Study on solar radiation transfer model of double skin façade with spray aerosol

Spraying droplets into the cavity of the double skin façade can improve its thermal performance. However, the spray system is opened, the mist droplets (aerosols) dispersed in the cavity alter the transmission mechanism of solar radiation through the double skin façade. This study develops a solar radiation transfer model for double skin facade with spray aerosol based on the Mie scattering theory and the net radiation method. The model calculates the transmittance, reflectance, and absorptance of the double skin façade with spray aerosol. Experimental validation shows good agreement with the model, with a maximum error of approximately 11.2 % for solar heat gain.

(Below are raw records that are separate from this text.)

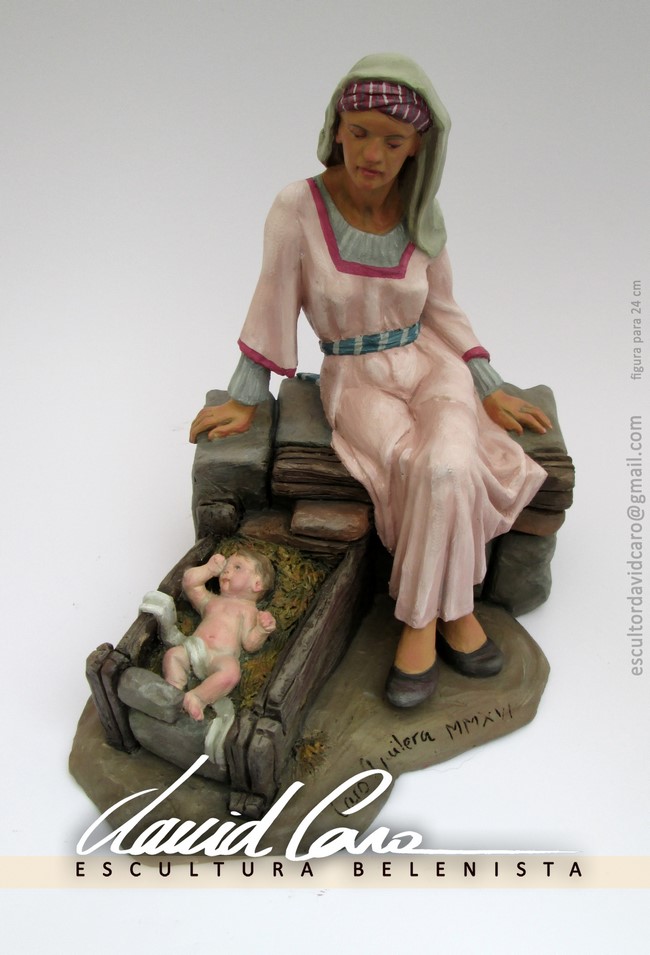 Os dejo fotos de un conjunto en 24 cm. Piezas a palillo, en terracota y policromadas al óleo.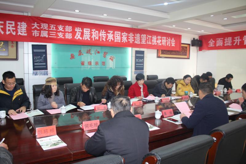 12月12日,安庆民建直属三支部、大观五支部发展和传承国家非遗“望江挑花”研讨会在安庆皖江中等专业学校召开,民建安庆市专职副主委汪爱萍、望江县统战部常务副部长曹文林等领导应邀出席了会议。大观五支部主委何鼎,市属三支部主委吴灿及两支部部分会员参会。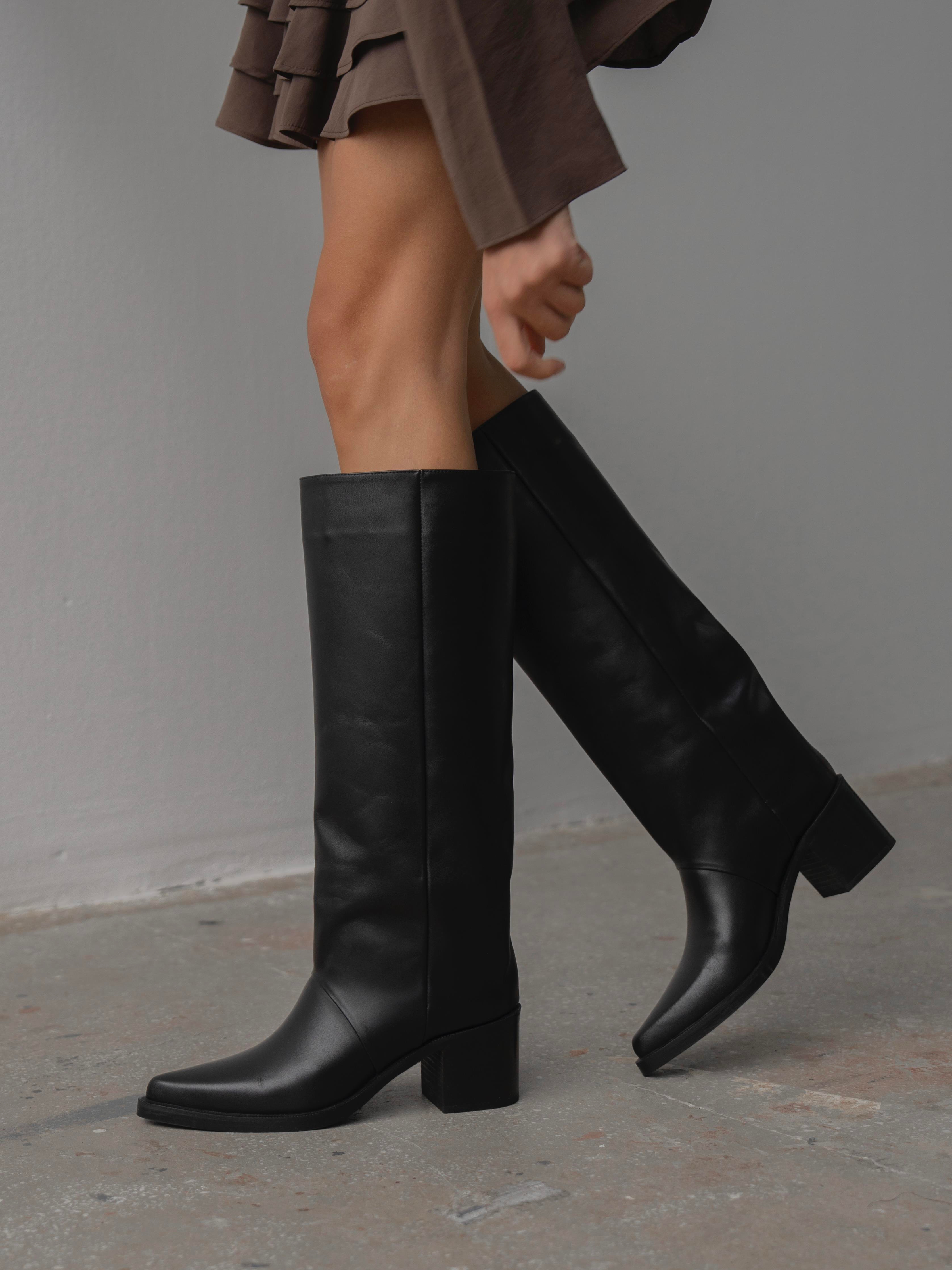 Ebate Siyah Hakiki Deri Kadın Çizme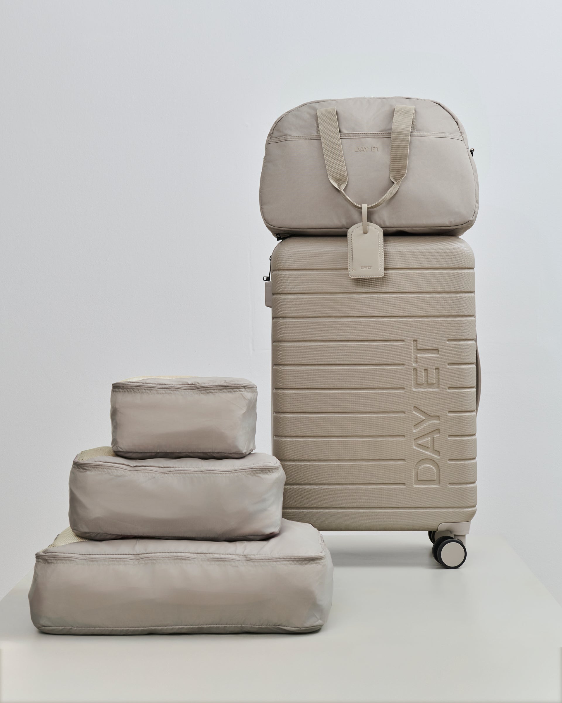 Settet inneholder alt du trenger til reisen: 1x 24" Tonal Koffert, 1x Large Tonal Nylon 1Nighter Reiseveske, 1x Suitcase Packing Cube Set og 1x Bagasjelapp.

Additionally, this study examines key factors that influence the optical properties of the double skin facade with spray aerosol, including aerosol particle number concentration, average radius, cavity distance, and incidence angle. The results indicate that total transmittance decreases as aerosol concentration and average radius increase. However, when the concentration exceeds 600 particles/cm³ and the average radius exceeds 15 μm, the reduction in transmittance becomes less pronounced. Changes in cavity distance and incidence angle have a minimal effect on transmittance at high aerosol concentrations. By controlling aerosol concentration and average radius, solar heat gain can be effectively reduced. The model accurately describes solar radiation transmission in real conditions, helping assess the optical and thermal properties of double skin façades with spray aerosol.